- _Work to complete_
Reproduce exactly, from the data that follows, the line with "Just an nasty", the line with "中国隋唐时中央政治制度。开始", and every line that lies between them.

(Items listed in a dataset)
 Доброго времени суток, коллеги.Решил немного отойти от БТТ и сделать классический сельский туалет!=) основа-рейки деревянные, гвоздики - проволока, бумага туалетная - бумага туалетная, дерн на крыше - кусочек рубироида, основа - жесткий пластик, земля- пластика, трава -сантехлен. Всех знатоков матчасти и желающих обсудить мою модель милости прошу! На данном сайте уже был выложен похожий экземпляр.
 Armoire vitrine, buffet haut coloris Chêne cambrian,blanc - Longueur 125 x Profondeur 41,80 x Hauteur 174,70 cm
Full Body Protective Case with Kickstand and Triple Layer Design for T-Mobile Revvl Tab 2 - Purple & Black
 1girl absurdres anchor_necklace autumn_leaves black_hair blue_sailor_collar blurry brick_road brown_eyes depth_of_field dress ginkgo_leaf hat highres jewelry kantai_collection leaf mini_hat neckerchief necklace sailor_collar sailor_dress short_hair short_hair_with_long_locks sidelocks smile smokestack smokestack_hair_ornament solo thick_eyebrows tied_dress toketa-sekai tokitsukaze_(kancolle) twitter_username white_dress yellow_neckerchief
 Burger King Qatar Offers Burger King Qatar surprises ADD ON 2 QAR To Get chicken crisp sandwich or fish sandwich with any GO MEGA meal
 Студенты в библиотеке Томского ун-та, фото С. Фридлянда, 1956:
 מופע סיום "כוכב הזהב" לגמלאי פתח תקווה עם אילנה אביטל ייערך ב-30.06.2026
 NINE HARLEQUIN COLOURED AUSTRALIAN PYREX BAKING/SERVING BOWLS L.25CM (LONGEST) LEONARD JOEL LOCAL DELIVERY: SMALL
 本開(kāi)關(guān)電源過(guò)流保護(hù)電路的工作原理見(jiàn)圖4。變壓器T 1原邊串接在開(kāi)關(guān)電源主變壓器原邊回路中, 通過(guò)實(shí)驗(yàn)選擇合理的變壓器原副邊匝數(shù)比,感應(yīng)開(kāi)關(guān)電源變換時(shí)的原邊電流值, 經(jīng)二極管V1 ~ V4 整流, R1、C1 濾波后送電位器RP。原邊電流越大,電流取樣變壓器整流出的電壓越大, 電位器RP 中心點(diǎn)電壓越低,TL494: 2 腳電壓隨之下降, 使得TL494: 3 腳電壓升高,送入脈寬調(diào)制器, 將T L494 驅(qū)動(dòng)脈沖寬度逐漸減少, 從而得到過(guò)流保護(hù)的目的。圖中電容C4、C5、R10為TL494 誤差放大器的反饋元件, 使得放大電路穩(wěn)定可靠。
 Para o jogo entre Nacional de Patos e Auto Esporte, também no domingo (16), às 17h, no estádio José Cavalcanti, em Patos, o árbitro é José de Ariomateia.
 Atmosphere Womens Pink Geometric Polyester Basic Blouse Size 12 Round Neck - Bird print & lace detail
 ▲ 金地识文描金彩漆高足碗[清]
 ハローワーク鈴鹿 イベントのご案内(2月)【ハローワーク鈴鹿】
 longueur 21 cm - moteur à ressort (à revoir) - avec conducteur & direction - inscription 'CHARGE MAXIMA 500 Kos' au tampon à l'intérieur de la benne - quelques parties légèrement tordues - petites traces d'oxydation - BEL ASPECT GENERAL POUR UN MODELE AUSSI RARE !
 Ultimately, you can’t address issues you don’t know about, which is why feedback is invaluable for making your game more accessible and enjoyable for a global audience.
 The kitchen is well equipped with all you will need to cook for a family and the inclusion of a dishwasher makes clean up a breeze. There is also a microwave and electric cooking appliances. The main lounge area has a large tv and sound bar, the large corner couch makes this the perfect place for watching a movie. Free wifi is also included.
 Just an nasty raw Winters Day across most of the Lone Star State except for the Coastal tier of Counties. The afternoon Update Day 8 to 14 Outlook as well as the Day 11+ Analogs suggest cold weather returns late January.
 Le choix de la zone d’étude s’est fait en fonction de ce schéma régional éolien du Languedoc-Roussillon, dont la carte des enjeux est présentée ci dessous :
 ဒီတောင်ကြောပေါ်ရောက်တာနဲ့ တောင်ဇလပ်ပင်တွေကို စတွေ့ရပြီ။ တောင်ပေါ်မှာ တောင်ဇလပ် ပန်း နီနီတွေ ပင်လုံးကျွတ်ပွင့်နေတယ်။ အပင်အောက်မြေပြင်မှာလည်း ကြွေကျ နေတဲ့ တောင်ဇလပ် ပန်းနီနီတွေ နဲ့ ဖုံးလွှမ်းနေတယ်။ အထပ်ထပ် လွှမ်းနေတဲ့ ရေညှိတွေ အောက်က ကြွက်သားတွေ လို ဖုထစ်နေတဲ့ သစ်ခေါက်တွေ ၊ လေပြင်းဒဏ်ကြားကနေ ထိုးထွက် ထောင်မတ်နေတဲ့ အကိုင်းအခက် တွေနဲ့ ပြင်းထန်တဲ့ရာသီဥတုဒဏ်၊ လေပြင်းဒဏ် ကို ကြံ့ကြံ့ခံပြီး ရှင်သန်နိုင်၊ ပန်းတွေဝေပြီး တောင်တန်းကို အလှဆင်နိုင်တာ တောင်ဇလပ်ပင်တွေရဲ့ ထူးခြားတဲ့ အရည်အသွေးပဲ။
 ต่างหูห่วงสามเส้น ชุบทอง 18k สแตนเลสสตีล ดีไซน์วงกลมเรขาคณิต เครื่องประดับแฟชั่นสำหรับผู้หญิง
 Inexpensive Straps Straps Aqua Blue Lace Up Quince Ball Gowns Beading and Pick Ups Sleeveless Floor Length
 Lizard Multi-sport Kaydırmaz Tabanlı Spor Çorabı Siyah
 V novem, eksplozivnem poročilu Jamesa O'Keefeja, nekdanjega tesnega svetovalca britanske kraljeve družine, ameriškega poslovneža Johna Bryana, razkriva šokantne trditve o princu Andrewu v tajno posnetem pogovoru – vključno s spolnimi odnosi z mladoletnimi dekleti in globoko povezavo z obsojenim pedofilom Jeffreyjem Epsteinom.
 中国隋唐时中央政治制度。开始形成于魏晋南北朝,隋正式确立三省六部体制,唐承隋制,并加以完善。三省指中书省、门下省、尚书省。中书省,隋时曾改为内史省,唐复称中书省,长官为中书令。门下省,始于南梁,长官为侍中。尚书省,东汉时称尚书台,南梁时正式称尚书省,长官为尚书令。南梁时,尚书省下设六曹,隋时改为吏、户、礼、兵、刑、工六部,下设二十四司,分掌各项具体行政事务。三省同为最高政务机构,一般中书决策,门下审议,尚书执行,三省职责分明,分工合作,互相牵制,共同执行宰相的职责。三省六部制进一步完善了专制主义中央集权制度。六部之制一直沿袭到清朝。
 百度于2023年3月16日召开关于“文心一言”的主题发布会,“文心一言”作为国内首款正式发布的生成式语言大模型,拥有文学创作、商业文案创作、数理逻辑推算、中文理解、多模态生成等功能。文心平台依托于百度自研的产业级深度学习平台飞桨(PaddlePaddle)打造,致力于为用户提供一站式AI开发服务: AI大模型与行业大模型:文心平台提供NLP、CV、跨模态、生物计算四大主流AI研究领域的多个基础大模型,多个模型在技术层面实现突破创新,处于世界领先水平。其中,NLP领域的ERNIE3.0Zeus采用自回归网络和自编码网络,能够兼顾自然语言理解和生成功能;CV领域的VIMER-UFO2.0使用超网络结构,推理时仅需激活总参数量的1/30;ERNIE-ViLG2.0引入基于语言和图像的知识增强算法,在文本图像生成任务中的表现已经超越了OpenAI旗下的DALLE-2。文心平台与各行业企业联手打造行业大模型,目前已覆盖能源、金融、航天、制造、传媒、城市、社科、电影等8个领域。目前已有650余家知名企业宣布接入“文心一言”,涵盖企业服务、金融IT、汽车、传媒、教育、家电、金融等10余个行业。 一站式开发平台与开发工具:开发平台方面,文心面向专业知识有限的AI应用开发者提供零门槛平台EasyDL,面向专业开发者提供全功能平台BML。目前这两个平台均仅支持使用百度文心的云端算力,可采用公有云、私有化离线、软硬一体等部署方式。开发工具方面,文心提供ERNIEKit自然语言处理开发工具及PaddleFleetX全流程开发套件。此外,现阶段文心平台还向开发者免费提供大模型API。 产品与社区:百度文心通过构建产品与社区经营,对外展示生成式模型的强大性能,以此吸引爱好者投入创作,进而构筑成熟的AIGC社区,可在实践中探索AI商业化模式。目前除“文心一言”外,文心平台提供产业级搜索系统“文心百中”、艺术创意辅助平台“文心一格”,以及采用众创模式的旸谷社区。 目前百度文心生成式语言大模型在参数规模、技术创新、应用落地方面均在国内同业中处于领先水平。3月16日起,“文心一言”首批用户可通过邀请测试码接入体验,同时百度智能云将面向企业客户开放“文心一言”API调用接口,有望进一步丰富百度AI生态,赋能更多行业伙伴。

- _Solved problem_
 Just an nasty raw Winters Day across most of the Lone Star State except for the Coastal tier of Counties. The afternoon Update Day 8 to 14 Outlook as well as the Day 11+ Analogs suggest cold weather returns late January.
 Le choix de la zone d’étude s’est fait en fonction de ce schéma régional éolien du Languedoc-Roussillon, dont la carte des enjeux est présentée ci dessous :
 ဒီတောင်ကြောပေါ်ရောက်တာနဲ့ တောင်ဇလပ်ပင်တွေကို စတွေ့ရပြီ။ တောင်ပေါ်မှာ တောင်ဇလပ် ပန်း နီနီတွေ ပင်လုံးကျွတ်ပွင့်နေတယ်။ အပင်အောက်မြေပြင်မှာလည်း ကြွေကျ နေတဲ့ တောင်ဇလပ် ပန်းနီနီတွေ နဲ့ ဖုံးလွှမ်းနေတယ်။ အထပ်ထပ် လွှမ်းနေတဲ့ ရေညှိတွေ အောက်က ကြွက်သားတွေ လို ဖုထစ်နေတဲ့ သစ်ခေါက်တွေ ၊ လေပြင်းဒဏ်ကြားကနေ ထိုးထွက် ထောင်မတ်နေတဲ့ အကိုင်းအခက် တွေနဲ့ ပြင်းထန်တဲ့ရာသီဥတုဒဏ်၊ လေပြင်းဒဏ် ကို ကြံ့ကြံ့ခံပြီး ရှင်သန်နိုင်၊ ပန်းတွေဝေပြီး တောင်တန်းကို အလှဆင်နိုင်တာ တောင်ဇလပ်ပင်တွေရဲ့ ထူးခြားတဲ့ အရည်အသွေးပဲ။
 ต่างหูห่วงสามเส้น ชุบทอง 18k สแตนเลสสตีล ดีไซน์วงกลมเรขาคณิต เครื่องประดับแฟชั่นสำหรับผู้หญิง
 Inexpensive Straps Straps Aqua Blue Lace Up Quince Ball Gowns Beading and Pick Ups Sleeveless Floor Length
 Lizard Multi-sport Kaydırmaz Tabanlı Spor Çorabı Siyah
 V novem, eksplozivnem poročilu Jamesa O'Keefeja, nekdanjega tesnega svetovalca britanske kraljeve družine, ameriškega poslovneža Johna Bryana, razkriva šokantne trditve o princu Andrewu v tajno posnetem pogovoru – vključno s spolnimi odnosi z mladoletnimi dekleti in globoko povezavo z obsojenim pedofilom Jeffreyjem Epsteinom.
 中国隋唐时中央政治制度。开始形成于魏晋南北朝,隋正式确立三省六部体制,唐承隋制,并加以完善。三省指中书省、门下省、尚书省。中书省,隋时曾改为内史省,唐复称中书省,长官为中书令。门下省,始于南梁,长官为侍中。尚书省,东汉时称尚书台,南梁时正式称尚书省,长官为尚书令。南梁时,尚书省下设六曹,隋时改为吏、户、礼、兵、刑、工六部,下设二十四司,分掌各项具体行政事务。三省同为最高政务机构,一般中书决策,门下审议,尚书执行,三省职责分明,分工合作,互相牵制,共同执行宰相的职责。三省六部制进一步完善了专制主义中央集权制度。六部之制一直沿袭到清朝。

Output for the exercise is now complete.